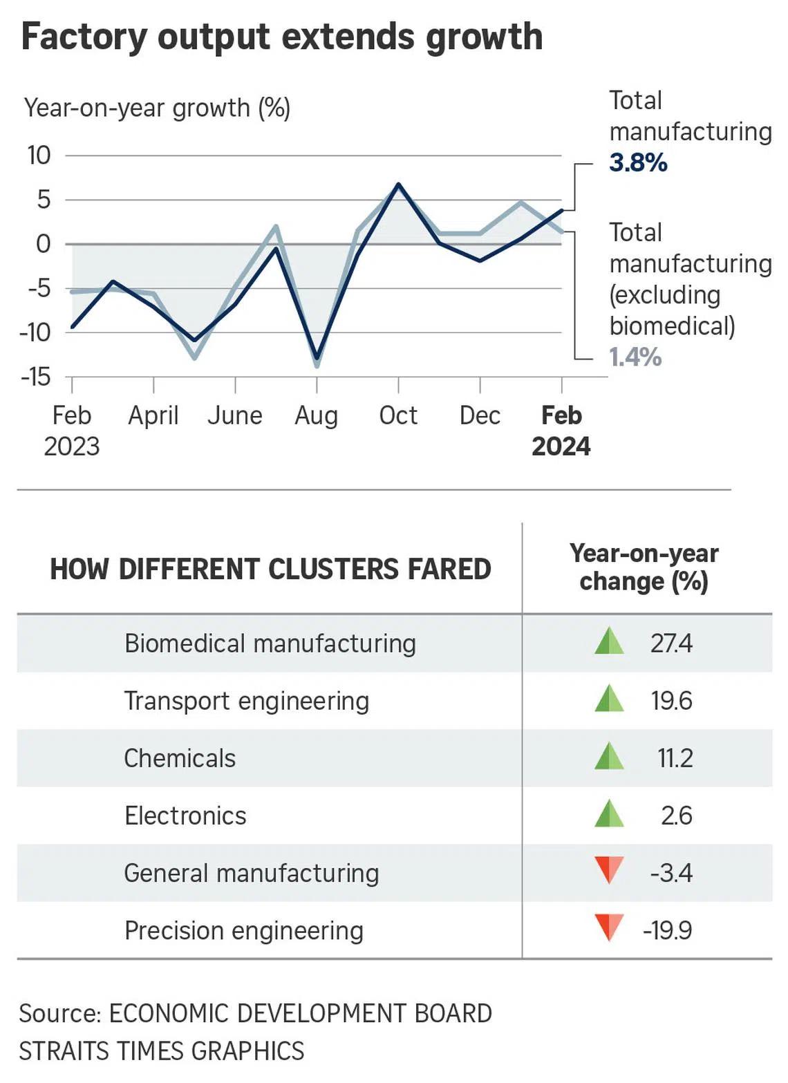SINGAPORE - Singapore’s factory output extended its expansion in February, growing 3.8 per cent year on year and beating analysts’ expectations.
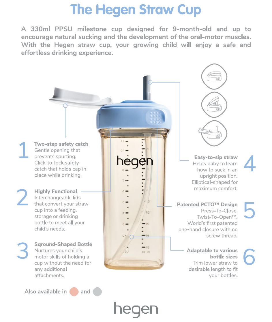 Hegen PCTO™ Straw Cup PPSU, 330ml/11oz comes with a unique click-to-lock safety cap prevents liquid from spurting and holds the cap in place so your child can drink easily. Learning to sip from a straw has never been this easy. First of its kind in Singapore. Designed without a bite valve, our straw allows little ones to sip with ease, encourages good dental health and guides them to master the technique of sipping. Perfect for children aged 9 months and above or toddlers transitioning from milk bottle feeding to straw cups for babies! However, you can also start training your babies from as young as 6 to 7 months old.
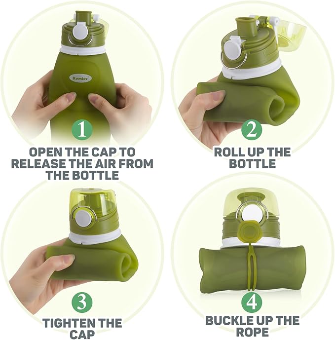 Kemier Collapsible Silicone Water Bottles-750ML,Medical Grade,BPA Free Travel Water Bottle Can Roll Up,26oz,Leak Proof Foldable Sports & Outdoor Water Bottles
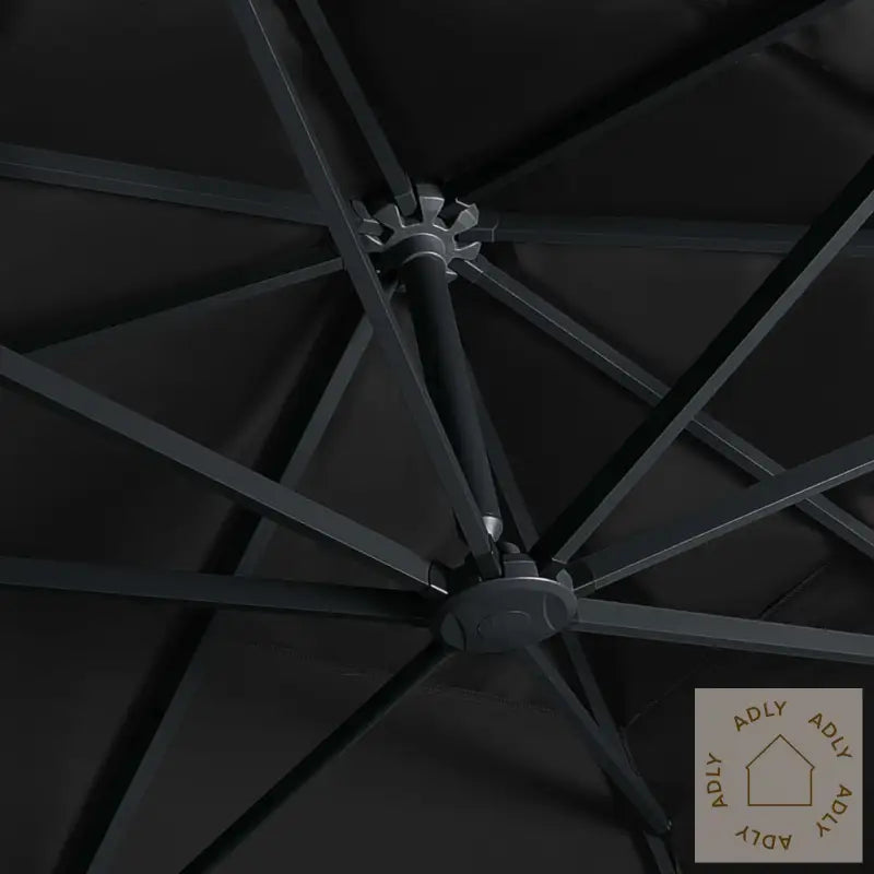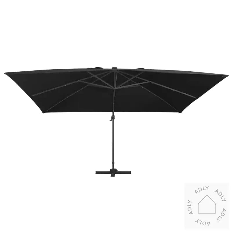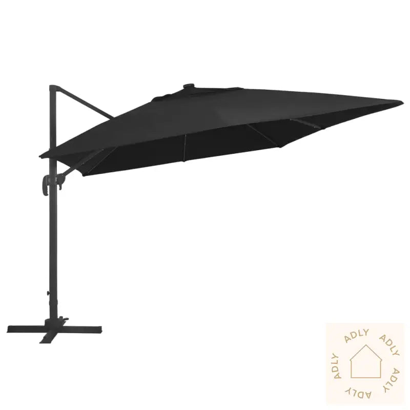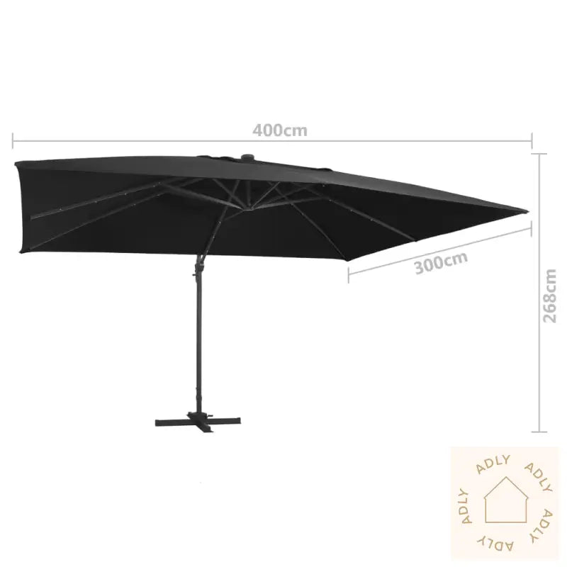 Farge skjerm: svartMaterialer: stoff med PA-belegg, pulverlakkert aluminiumSamlet mål: 400 x 300 x 268 cm (L x B x H)Mål kryssfot: 100 x 100 cm (L x B)Mål stang: 7 x 5 cm (L x B)Inkluderer 24 LED-lys og et solpanelMed lufteventil og sveivesystemVippbar og 360-graders roterende designInkluderer 8 aluminiumsspilerMontering kreves: jaMed denne solide parasollen gir du uterommet et løft som matcher resten av dine møbler eller møbler til hjemmet, perfekt hvis du liker å skape en gjennomført stil fra hagemøbler til bokhyller og stående hyller inne.
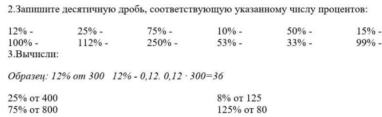 2. Запишите десятичную дробь, соответствующему указанному числу процентов:
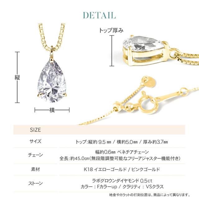 ダイヤモンド ネックレス 0.5ct 一粒 ペアシェイプ 雫 ゴールド レディース ダイヤモンドネックレス ダイヤネックレス 一粒ダイヤ プラチナ K18 ピンクゴールド ラボグロウン ジュエリー アクセサリー シンプル ブランド 誕生日 プレゼント 女性 ギフト 母の日
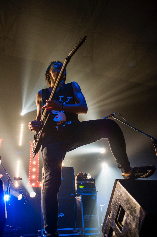 “まだまだこれからだぜ!”と叫ぶRyoをはじめ、バンドの息は終盤になっても全然上がらない。「Beloved」ではRyoが客席のモッシュにダイヴ。すると、CrossfaithのKoieがステージに乱入。Ryoとともにシャウトをキメた。そんなサプライズに狂喜する観客に向かい、“みんなで助け合い、支えあって、思いっきりめちゃくちゃやれる場所を作っていきたい”とRyoがメッセージを投げかけ、バンドは現在のライナップのスタートを印象づけた「The Fire Inside」で熱演をしめくくる…予定だった。
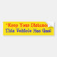 This funny bumper sticker says, "Keep your distance--this vehicle has gas!" Well, it's true, isn't it? And in case you're thinking this rude bumper sticker has no artistic merit, remember that it will make a funny gift for your rude friends. Put this sticker on your car if you've got the nerve, and give those tailgaters something to think about besides riding your as*.
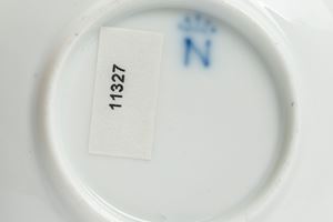 Tazzina con piattino stemmato in porcellana a rilievo con fondo oro. Manifattura Ginori, seconda...
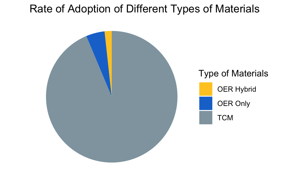 - The adoption rate of OER in these 20 courses for which good OER exist is 6.3%.
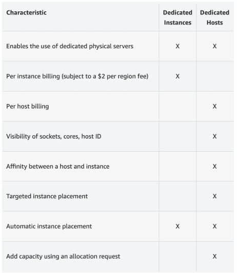 Dedicated Host vs Dedicated Instance: https://docs.aws.amazon.com/AWSEC2/latest/UserGuide/dedicated-instance.html
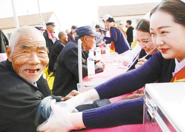 为继承尊重老人、关爱老人的优良传统美德, 10月17日,在重阳节到来之际,鹿邑县妇联工作人员与县人民医院医务工作者、巾帼志愿者一起到赵村乡敬老院开展义诊活动,为老人们量血压、测视力,与老人们共度重阳节。图为赵村乡义诊活动现场。①9
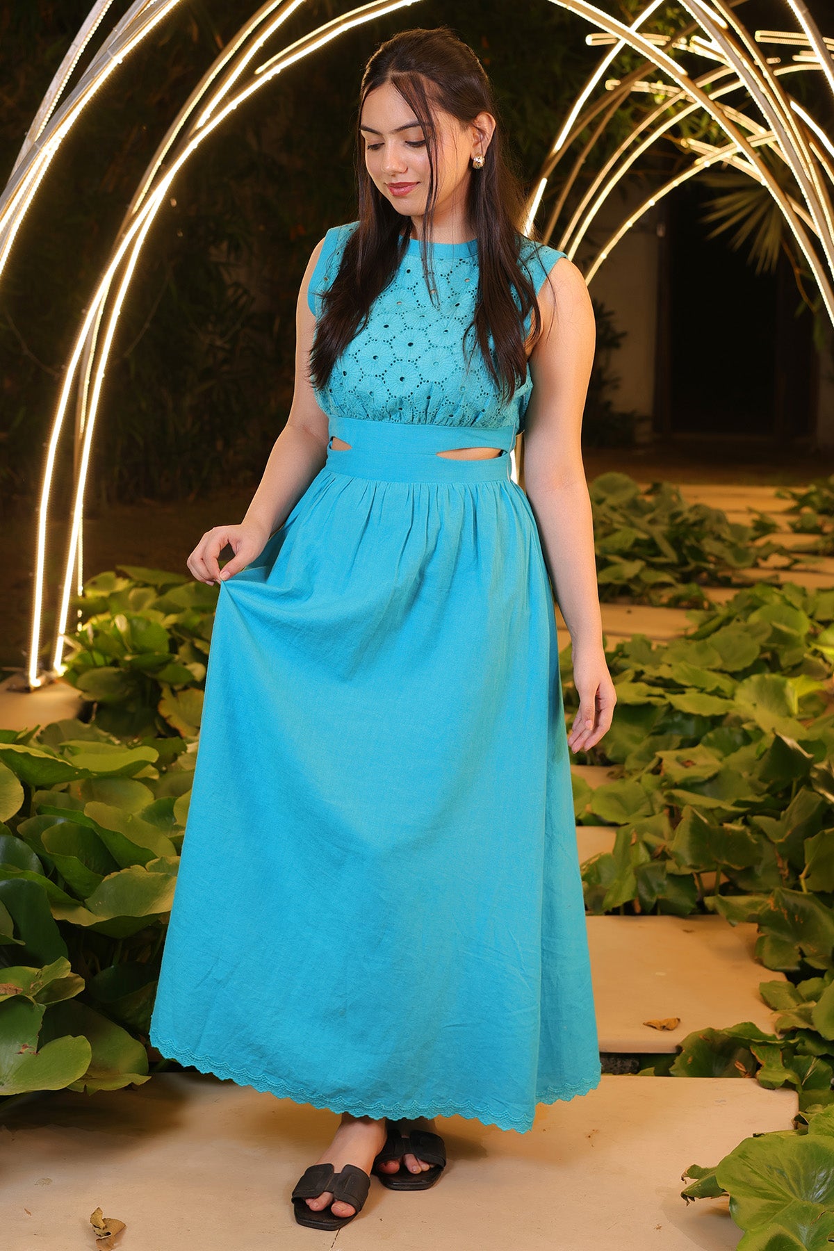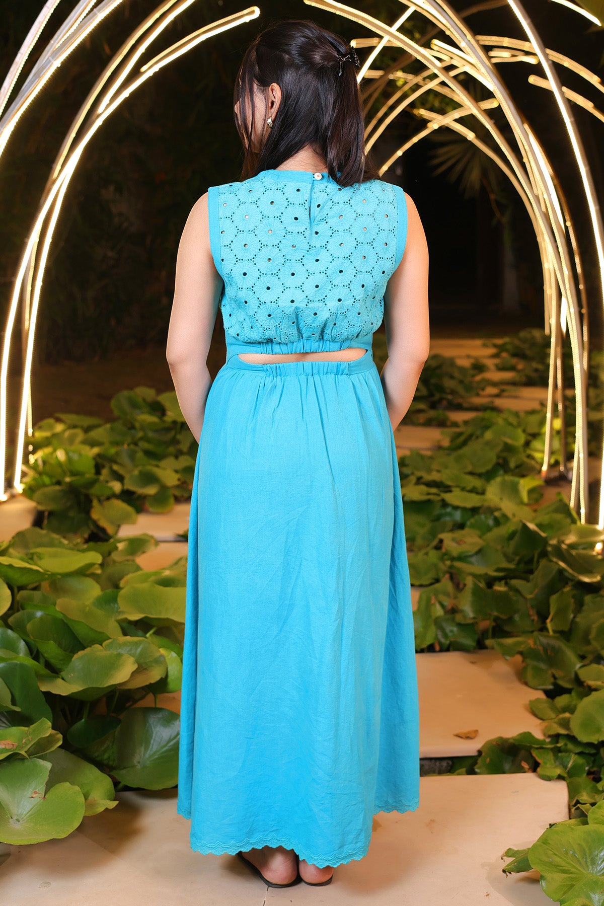 Teal Blue cotton linen maxi dress with floral embroidery on front, mandarin collar, back key hole and sleeveless

--- PROBLEM DETAILS ---
Go through the material above and repeat it exactly. Omit the pictures.

--- EXERCISE RESULT ---
SINGAPORE - Singapore’s factory output extended its expansion in February, growing 3.8 per cent year on year and beating analysts’ expectations.
 Hegen PCTO™ Straw Cup PPSU, 330ml/11oz comes with a unique click-to-lock safety cap prevents liquid from spurting and holds the cap in place so your child can drink easily. Learning to sip from a straw has never been this easy. First of its kind in Singapore. Designed without a bite valve, our straw allows little ones to sip with ease, encourages good dental health and guides them to master the technique of sipping. Perfect for children aged 9 months and above or toddlers transitioning from milk bottle feeding to straw cups for babies! However, you can also start training your babies from as young as 6 to 7 months old.
 Kemier Collapsible Silicone Water Bottles-750ML,Medical Grade,BPA Free Travel Water Bottle Can Roll Up,26oz,Leak Proof Foldable Sports & Outdoor Water Bottles
 Farge skjerm: svartMaterialer: stoff med PA-belegg, pulverlakkert aluminiumSamlet mål: 400 x 300 x 268 cm (L x B x H)Mål kryssfot: 100 x 100 cm (L x B)Mål stang: 7 x 5 cm (L x B)Inkluderer 24 LED-lys og et solpanelMed lufteventil og sveivesystemVippbar og 360-graders roterende designInkluderer 8 aluminiumsspilerMontering kreves: jaMed denne solide parasollen gir du uterommet et løft som matcher resten av dine møbler eller møbler til hjemmet, perfekt hvis du liker å skape en gjennomført stil fra hagemøbler til bokhyller og stående hyller inne.
 2. Запишите десятичную дробь, соответствующему указанному числу процентов:
 ダイヤモンド ネックレス 0.5ct 一粒 ペアシェイプ 雫 ゴールド レディース ダイヤモンドネックレス ダイヤネックレス 一粒ダイヤ プラチナ K18 ピンクゴールド ラボグロウン ジュエリー アクセサリー シンプル ブランド 誕生日 プレゼント 女性 ギフト 母の日
 “まだまだこれからだぜ!”と叫ぶRyoをはじめ、バンドの息は終盤になっても全然上がらない。「Beloved」ではRyoが客席のモッシュにダイヴ。すると、CrossfaithのKoieがステージに乱入。Ryoとともにシャウトをキメた。そんなサプライズに狂喜する観客に向かい、“みんなで助け合い、支えあって、思いっきりめちゃくちゃやれる場所を作っていきたい”とRyoがメッセージを投げかけ、バンドは現在のライナップのスタートを印象づけた「The Fire Inside」で熱演をしめくくる…予定だった。
 This funny bumper sticker says, "Keep your distance--this vehicle has gas!" Well, it's true, isn't it? And in case you're thinking this rude bumper sticker has no artistic merit, remember that it will make a funny gift for your rude friends. Put this sticker on your car if you've got the nerve, and give those tailgaters something to think about besides riding your as*.
 Tazzina con piattino stemmato in porcellana a rilievo con fondo oro. Manifattura Ginori, seconda...
 - The adoption rate of OER in these 20 courses for which good OER exist is 6.3%.
 Dedicated Host vs Dedicated Instance: https://docs.aws.amazon.com/AWSEC2/latest/UserGuide/dedicated-instance.html
 为继承尊重老人、关爱老人的优良传统美德, 10月17日,在重阳节到来之际,鹿邑县妇联工作人员与县人民医院医务工作者、巾帼志愿者一起到赵村乡敬老院开展义诊活动,为老人们量血压、测视力,与老人们共度重阳节。图为赵村乡义诊活动现场。①9
 Teal Blue cotton linen maxi dress with floral embroidery on front, mandarin collar, back key hole and sleeveless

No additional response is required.